## Exercise brief
Your answer must be the exact lines of the listing below that run from the line with "5月12日,由美寶和Comb" to the line with "- „Doch die", ends included, and no pictures.

## Exercise inputs

- Opening Delimiter -

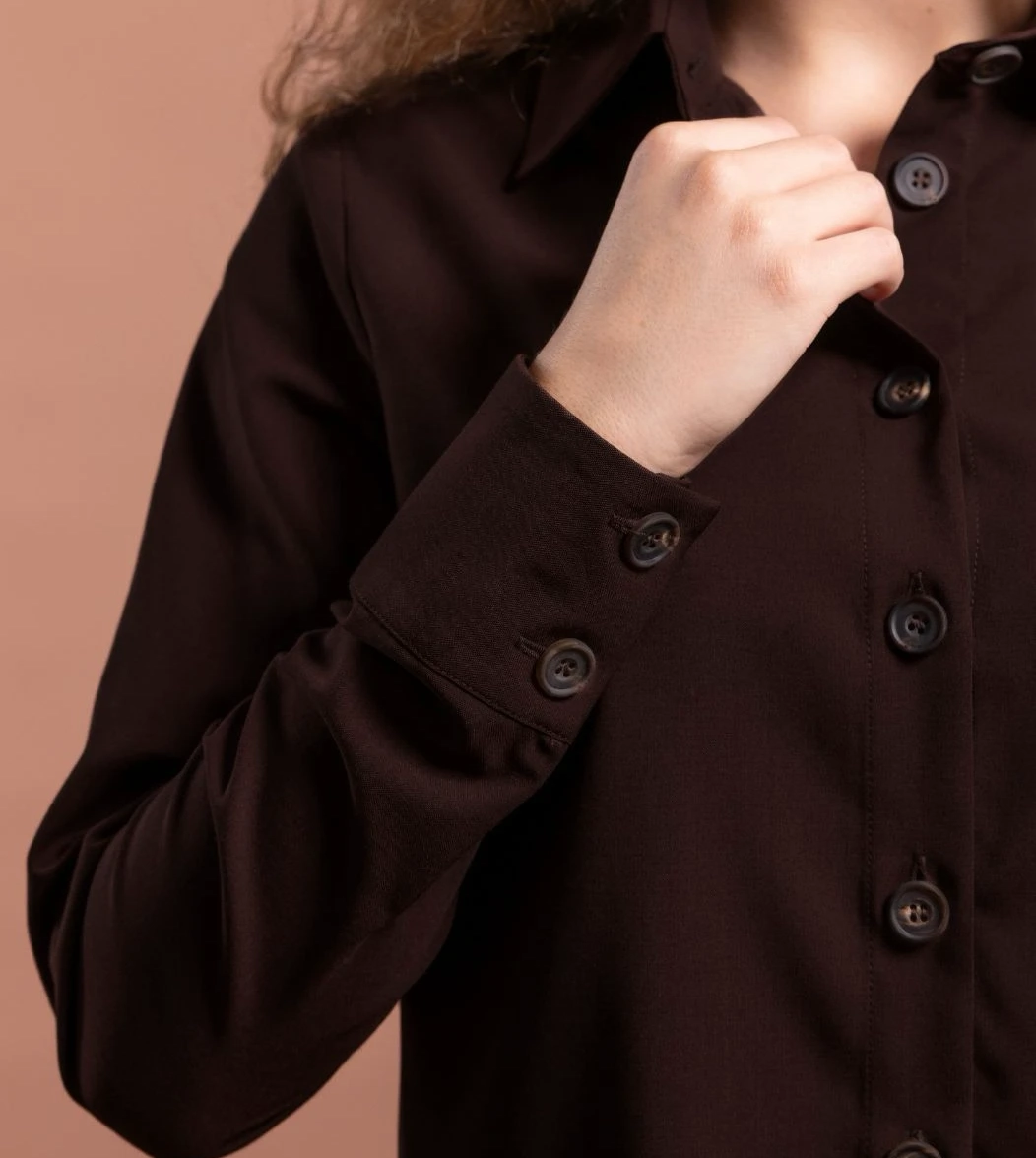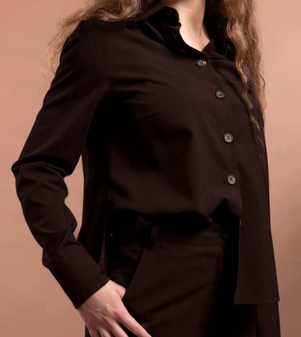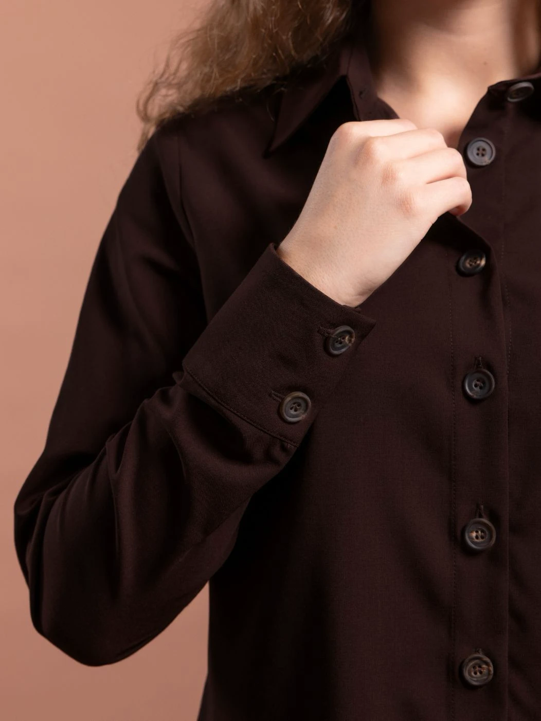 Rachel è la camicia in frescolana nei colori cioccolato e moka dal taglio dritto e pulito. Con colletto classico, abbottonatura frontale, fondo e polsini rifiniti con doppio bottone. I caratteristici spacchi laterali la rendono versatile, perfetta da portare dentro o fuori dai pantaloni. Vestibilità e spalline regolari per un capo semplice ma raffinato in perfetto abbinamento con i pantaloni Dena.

- Closing Delimiter -
- Opening Delimiter -

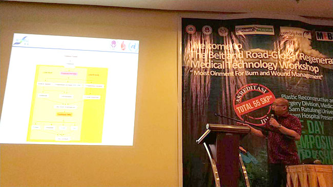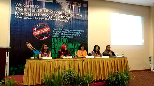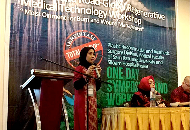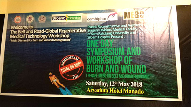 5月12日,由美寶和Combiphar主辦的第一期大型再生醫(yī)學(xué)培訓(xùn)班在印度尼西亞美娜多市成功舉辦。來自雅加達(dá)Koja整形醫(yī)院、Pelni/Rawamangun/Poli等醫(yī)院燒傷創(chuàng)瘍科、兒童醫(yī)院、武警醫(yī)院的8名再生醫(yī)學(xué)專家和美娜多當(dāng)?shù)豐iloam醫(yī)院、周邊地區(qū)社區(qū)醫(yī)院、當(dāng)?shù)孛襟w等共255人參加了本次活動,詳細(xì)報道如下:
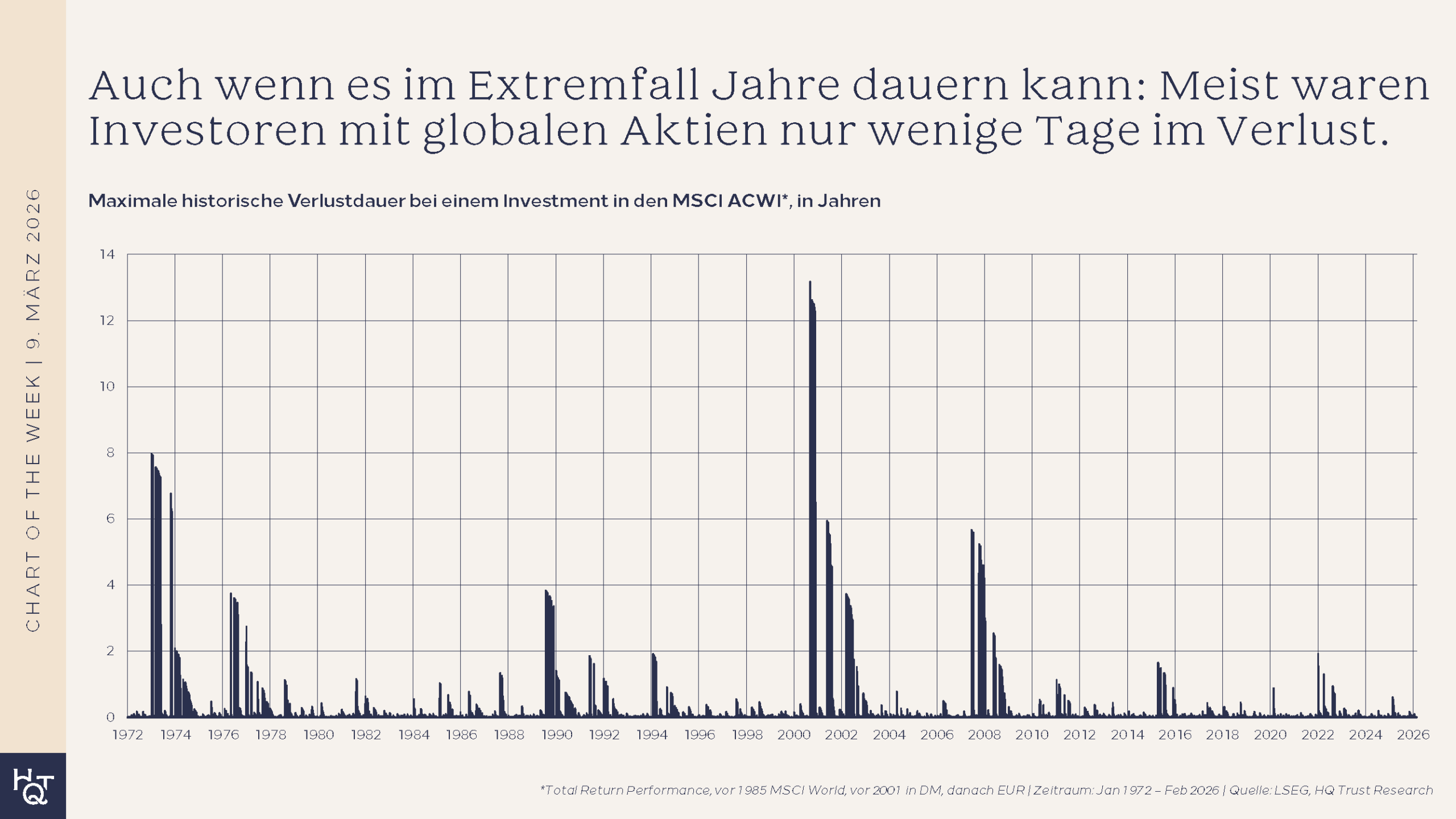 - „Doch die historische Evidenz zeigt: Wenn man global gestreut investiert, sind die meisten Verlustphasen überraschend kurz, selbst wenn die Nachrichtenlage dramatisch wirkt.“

- Closing Delimiter -

## Answer space
 5月12日,由美寶和Combiphar主辦的第一期大型再生醫(yī)學(xué)培訓(xùn)班在印度尼西亞美娜多市成功舉辦。來自雅加達(dá)Koja整形醫(yī)院、Pelni/Rawamangun/Poli等醫(yī)院燒傷創(chuàng)瘍科、兒童醫(yī)院、武警醫(yī)院的8名再生醫(yī)學(xué)專家和美娜多當(dāng)?shù)豐iloam醫(yī)院、周邊地區(qū)社區(qū)醫(yī)院、當(dāng)?shù)孛襟w等共255人參加了本次活動,詳細(xì)報道如下:
 - „Doch die historische Evidenz zeigt: Wenn man global gestreut investiert, sind die meisten Verlustphasen überraschend kurz, selbst wenn die Nachrichtenlage dramatisch wirkt.“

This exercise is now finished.